Professor Matthew Bellgard

Professor Matthew Bellgard

Comparative genomics, high performance computing

Professor Matthew Bellgard is Chair in Bioinformatics at Murdoch University and the Director of the WA State Government Centre of Excellence, the Centre for Comparative Genomics. His scientific work has resulted in developments in the areas of pairwise sequence alignment and artificial intelligence, bacterial bioinformatics, whole genome analysis and annotation, crop plant research and advances in the development of web-based integrated systems utilising high performance computing.

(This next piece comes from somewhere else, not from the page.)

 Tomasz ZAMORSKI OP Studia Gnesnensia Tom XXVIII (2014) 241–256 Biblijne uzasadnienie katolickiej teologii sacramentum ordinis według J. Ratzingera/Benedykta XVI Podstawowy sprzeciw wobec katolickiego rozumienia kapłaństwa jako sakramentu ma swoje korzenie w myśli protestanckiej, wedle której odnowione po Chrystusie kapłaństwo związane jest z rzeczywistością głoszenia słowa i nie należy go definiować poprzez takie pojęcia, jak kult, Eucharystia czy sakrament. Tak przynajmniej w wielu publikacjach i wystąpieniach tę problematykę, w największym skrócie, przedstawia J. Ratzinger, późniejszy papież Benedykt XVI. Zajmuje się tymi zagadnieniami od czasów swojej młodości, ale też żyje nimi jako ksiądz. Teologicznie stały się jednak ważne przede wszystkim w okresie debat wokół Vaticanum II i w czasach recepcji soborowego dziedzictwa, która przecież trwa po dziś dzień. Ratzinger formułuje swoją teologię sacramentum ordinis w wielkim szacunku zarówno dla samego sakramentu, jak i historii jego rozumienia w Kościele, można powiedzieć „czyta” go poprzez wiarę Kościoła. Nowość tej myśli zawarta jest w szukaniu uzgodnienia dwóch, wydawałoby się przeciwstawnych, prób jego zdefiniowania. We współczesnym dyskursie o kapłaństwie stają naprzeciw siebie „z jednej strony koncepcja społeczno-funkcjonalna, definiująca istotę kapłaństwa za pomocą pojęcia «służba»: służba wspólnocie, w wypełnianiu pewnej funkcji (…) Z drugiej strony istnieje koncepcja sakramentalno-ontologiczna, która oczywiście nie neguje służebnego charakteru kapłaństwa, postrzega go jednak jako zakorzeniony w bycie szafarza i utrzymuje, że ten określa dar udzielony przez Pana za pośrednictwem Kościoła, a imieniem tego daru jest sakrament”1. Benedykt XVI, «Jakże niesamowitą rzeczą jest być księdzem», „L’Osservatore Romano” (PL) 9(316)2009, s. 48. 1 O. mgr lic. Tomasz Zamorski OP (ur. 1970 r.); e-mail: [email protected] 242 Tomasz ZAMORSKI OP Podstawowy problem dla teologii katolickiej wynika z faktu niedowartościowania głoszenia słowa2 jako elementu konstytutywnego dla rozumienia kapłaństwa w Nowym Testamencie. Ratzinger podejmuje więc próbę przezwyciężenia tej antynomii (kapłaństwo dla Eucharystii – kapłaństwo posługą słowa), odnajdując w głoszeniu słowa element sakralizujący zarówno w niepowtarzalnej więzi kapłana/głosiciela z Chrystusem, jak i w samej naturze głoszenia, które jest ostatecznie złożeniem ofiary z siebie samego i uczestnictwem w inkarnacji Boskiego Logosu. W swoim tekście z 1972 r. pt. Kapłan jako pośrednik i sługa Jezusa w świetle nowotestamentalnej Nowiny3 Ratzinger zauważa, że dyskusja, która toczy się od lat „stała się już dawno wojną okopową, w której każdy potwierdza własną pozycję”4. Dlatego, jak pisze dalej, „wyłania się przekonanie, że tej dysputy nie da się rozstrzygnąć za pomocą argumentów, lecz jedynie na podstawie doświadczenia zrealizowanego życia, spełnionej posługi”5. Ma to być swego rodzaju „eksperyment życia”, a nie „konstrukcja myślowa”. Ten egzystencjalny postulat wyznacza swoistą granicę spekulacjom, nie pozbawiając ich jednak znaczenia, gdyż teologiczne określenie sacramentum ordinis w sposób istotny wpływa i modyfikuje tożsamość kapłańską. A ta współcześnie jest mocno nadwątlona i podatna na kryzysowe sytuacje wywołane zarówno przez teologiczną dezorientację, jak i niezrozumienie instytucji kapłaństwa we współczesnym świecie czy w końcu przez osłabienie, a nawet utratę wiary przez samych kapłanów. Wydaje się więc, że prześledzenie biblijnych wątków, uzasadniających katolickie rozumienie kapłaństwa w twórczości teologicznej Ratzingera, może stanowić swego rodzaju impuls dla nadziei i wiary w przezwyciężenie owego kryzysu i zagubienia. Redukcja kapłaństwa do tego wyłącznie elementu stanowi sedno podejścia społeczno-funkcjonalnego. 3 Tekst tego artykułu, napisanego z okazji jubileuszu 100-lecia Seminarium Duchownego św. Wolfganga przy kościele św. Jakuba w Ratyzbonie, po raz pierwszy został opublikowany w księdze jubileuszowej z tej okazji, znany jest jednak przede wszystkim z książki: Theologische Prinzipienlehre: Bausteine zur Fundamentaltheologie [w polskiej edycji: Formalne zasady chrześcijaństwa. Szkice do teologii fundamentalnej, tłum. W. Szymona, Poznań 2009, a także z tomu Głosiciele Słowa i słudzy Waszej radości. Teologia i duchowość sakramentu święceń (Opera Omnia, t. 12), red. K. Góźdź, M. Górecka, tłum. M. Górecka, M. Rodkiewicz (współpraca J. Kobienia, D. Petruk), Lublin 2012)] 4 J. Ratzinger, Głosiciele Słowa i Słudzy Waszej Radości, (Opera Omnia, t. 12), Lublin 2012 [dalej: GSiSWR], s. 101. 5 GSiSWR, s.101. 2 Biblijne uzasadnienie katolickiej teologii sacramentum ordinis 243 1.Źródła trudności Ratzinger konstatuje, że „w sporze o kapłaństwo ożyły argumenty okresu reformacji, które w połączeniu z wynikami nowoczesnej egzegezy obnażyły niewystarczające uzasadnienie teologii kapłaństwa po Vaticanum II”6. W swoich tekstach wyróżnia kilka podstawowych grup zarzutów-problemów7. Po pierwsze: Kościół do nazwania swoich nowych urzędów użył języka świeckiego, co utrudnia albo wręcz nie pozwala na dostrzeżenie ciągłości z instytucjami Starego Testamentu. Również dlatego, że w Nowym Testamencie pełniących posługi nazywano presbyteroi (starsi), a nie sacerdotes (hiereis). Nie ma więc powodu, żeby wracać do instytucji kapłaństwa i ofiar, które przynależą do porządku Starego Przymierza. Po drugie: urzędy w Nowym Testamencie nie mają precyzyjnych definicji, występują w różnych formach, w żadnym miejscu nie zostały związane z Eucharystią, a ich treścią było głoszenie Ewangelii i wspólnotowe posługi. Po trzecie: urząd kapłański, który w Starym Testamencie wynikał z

Professor Bellgard’s international experience includes a placement at the European Molecular Biology Laboratory (Heidelberg, Germany) and a postdoctoral fellowship at the National Institute of Genetics (Mishima, Japan). Professor Bellgard is the Convenor of the Australian Bioinformatics Facility (ABF), which is funded through the National Collaborative Research Infrastructure Strategy. As Convenor of the ABF, Professor Bellgard’s role is to provide advice, leadership, integration and coordination of bioinformatics activities to nationally support the Genomics, Proteomics and Metabolomics biomolecular platforms. Professor Bellgard also directs the iVEC Informatics Facility based at Murdoch University which houses a 9,600 core, 500 terabyte HP POD Supercomputer ranked # 87th in the world.
Professor Richard Bell

Professor Richard Bell

Soil science, crop nutrition and land management

Professor Bell is is a Professor in the Murdoch School of Environmental Science and is internationally recognised for his research on sustainable land management, with a particular interest in crop nutrition. In the grains industry, he has focussed on soil and land management (recovery from salinity after deep drainage, nutrient losses to surface water), soil science (soil-nutrient interactions, soil testing) and crop nutrition (fertilisers, plant analysis, micronutrient requirements).

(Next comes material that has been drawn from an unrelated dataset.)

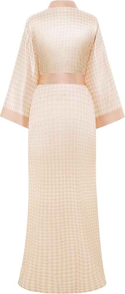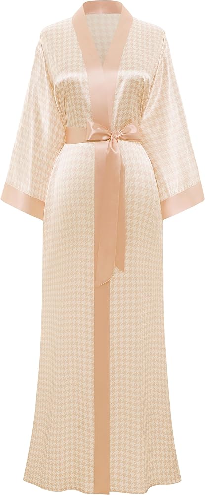 PRODESIGN Kimono Robes for Women - Houndstooth Satin Sleepwear Silky Nightgown Bathrobe Dressing Gown Blouse Cardigan Robe

Currently he leads two GRDC projects on crop nutrition: UMU00030 Better fertiliser decisions for crops; UMU00035 Improving profit from fertiliser through knowledge-based tools that account for temporal and spatial soil nutrient supply. Revised soil test critical concentrations are being derived, estimates of nutrient loss from grain cropping are being quantified and potassium requirements of crops determined. He collaborates with DAFWA, CSIRO and other universities in research for the grains industry.

Professor Bell has active international research programmes on crop nutrition and soil management in Bangladesh, Vietnam, Thailand and Cambodia, funded mostly by ACIAR. The work in Bangladesh is developing a form of conservation agriculture for small holder grain farmers.
Robert Trengove

Professor Cheng Dao Li

Molecular Genetics and Barley Breeding

Professor Li is an expert in molecular genetics and barley breeding. His research focuses on improving barley breeding efficiency by integration of genomics breeding, molecular marker assisted selection, doubled haploid, mutation and conventional breeding.

He is one of the breeders for Baudin, Vlamingh, Hamelin, Roe, Hannan, Lockyer and Litmus.

He is also experienced in cereal genomics, functional geneomics and comparative genomics; cereal molecular genetics; crop breeding technologies; cereal abiotic stress tolerances to acid soils, drought, salinity, heat and waterlogging; barley malting quality; plant phenology.